そんな妄想を頭でぐるぐる回して退屈な式の時間を潰していたら。

私は新入生の列の前から4列目右から3番目の席で。

唐突に息が出来なくなり、倒れた。



突発性拡張型心筋症。



そう告げられた。

原因は不明。心臓の筋肉が薄くなり、心室が拡張することで収縮力が弱くなる病気である。

元々が強くはない私の体は、階段を数段上るだけで呼吸が困難になるレベルで疲労を訴えるようになった。

当然、学校生活など送ることは出来ず、突発的な発作も起こるようになり、入院生活を余儀なくされた。


どうしてそんなことを考えたのか。

少し頭を巡らせて、今日は私が行くはずだった高校の入学式の日だったのだと思い至った。

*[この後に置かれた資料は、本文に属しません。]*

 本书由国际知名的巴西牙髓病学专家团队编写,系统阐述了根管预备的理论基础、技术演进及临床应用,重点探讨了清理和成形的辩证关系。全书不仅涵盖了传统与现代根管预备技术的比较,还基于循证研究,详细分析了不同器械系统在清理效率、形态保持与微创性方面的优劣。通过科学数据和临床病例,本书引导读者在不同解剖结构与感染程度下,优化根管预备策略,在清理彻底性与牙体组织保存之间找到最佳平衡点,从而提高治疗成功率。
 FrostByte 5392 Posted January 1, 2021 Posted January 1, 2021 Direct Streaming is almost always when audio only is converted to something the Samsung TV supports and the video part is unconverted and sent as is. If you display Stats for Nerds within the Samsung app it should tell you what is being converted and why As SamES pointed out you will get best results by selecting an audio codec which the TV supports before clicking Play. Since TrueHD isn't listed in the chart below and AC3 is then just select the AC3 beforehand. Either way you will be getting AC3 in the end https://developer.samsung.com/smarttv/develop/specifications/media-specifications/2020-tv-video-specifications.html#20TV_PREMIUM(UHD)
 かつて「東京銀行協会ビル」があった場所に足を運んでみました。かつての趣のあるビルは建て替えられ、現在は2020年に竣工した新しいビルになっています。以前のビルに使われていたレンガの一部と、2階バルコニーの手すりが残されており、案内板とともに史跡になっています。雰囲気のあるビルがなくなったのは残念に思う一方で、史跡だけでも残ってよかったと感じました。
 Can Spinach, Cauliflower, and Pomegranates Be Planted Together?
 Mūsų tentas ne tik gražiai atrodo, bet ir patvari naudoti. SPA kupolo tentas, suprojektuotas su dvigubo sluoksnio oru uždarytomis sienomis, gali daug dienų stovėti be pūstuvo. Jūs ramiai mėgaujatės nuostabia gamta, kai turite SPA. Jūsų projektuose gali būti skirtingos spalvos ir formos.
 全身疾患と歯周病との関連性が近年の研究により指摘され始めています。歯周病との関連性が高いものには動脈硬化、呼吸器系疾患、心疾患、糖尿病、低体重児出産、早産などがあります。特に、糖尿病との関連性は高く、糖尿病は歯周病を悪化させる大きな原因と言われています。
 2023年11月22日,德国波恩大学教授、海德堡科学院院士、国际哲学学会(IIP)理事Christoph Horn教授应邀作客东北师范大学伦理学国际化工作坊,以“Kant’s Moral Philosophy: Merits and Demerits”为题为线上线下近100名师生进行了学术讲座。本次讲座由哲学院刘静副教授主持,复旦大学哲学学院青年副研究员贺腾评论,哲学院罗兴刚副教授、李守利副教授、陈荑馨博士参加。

あれからもう2度目の入学式だ。もし普通に通えていたら、私は3年生になるはずの年。


毎日起きたら安堵する。それを730日繰り返してきた。

あと何回私は、朝を迎えられるのだろう。この1年で強くなってきた諦観を吐き出すように、1つ息を吐いた。








2年も入院生活を続けていたら、暇つぶしはプロの領域だ。

運動をしたりすると呼吸困難になったりするだけで、他は大して健常者と変わりはない。

それでもその1点は大きな枷で、上の階に上がるにはエレベータを使わざるを得ず、重いものも持てない。できることは限られるのだ。


生きている意味はあるんだろうか。

ドナーが見つからなければ治る見込みもなく、なにも生み出すことも無く。

そう思ったことは1度や2度ではない。むしろ考えないことの方が少ない。

しかしいざ「なら死のう」と思っても、勇気のない私は手首を切ることも、屋上から飛び降りることも、薬物を呷ることも出来ない。

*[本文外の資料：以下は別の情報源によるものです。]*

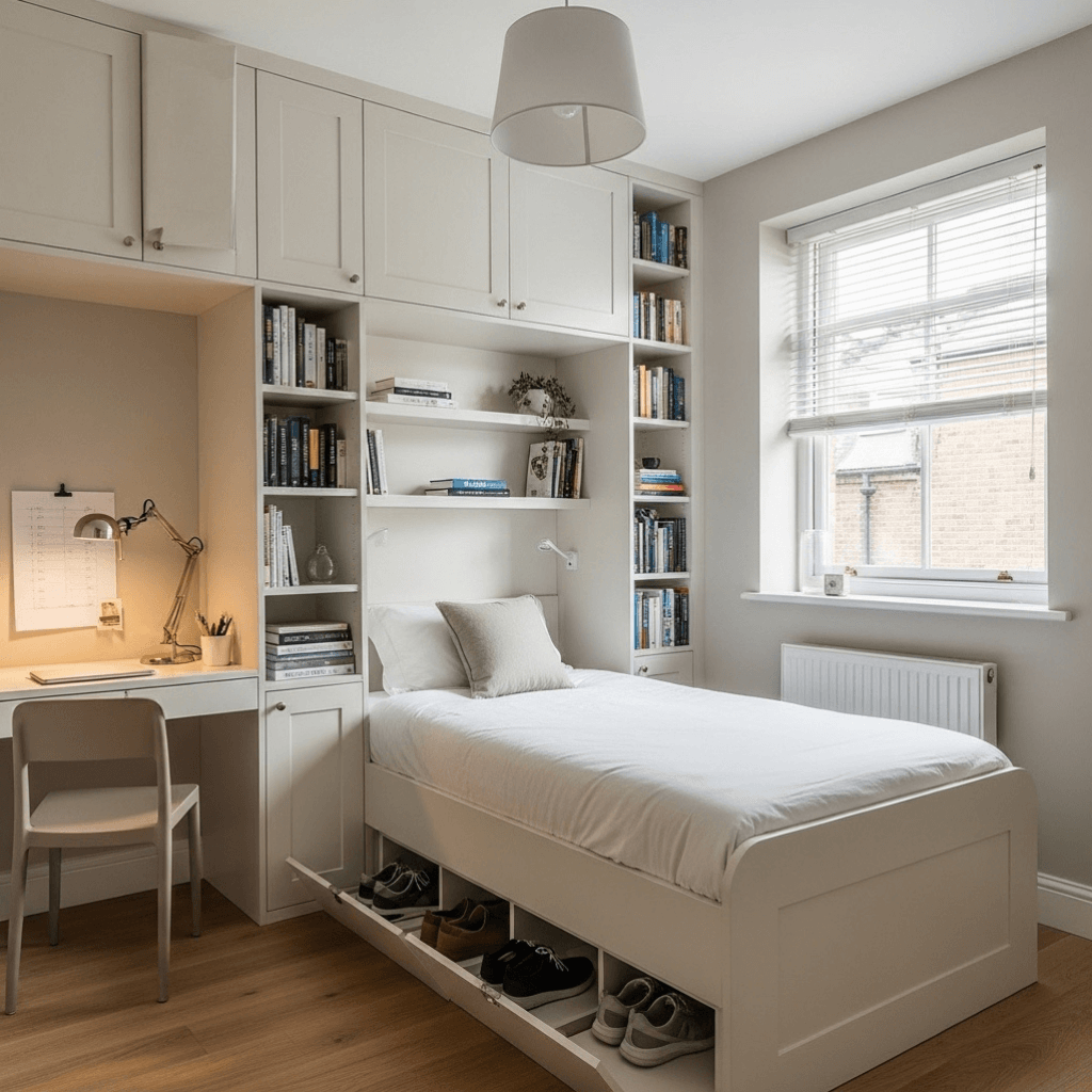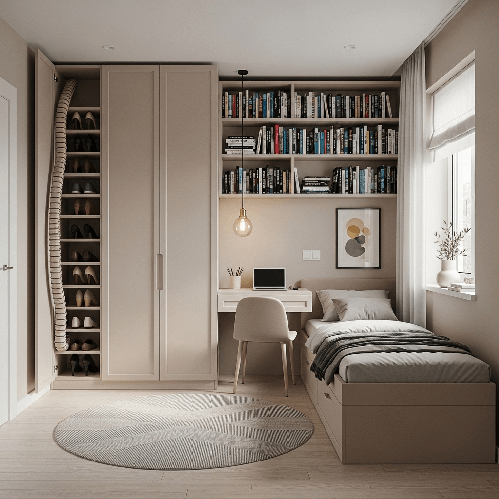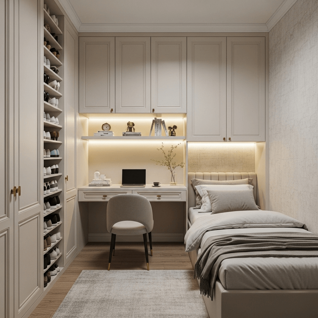 Floor-to-ceiling cabinetry adds serious storage power. On one side, a tall wardrobe hides a vertical shoe rack, an ideal solution for small bedrooms where every inch matters. Above the desk, full-length bookshelves draw the eye upward, visually expanding the room. Soft neutral tones, warm wood flooring, and gentle lighting keep the space calm and balanced. This layout is perfect for anyone searching for small bedroom desk and storage ideas, space-saving bedroom furniture, or compact bedroom with built-in shelving that feels organised, modern, and comfortable without looking crowded.

今日もまた、日課となっている中庭での午前中の読書のため、本を膝の上に抱え、車椅子を看護師さんに押してもらい、中庭に向かう。


「相変わらず難しい……というか特殊な本のチョイスね」


私の肩越しにかけられる声はまだ若い。

この病院は大きく、伴って働く人の人数も多い。

丸2年ここにいて、ようやく半分くらいの人の顔がわかるようになったが、そのくらい多い。

ちなみに、科が違ったりすると顔を合わせることもない先生も多いため、残りの半分は今後も分からないままである可能性が高い。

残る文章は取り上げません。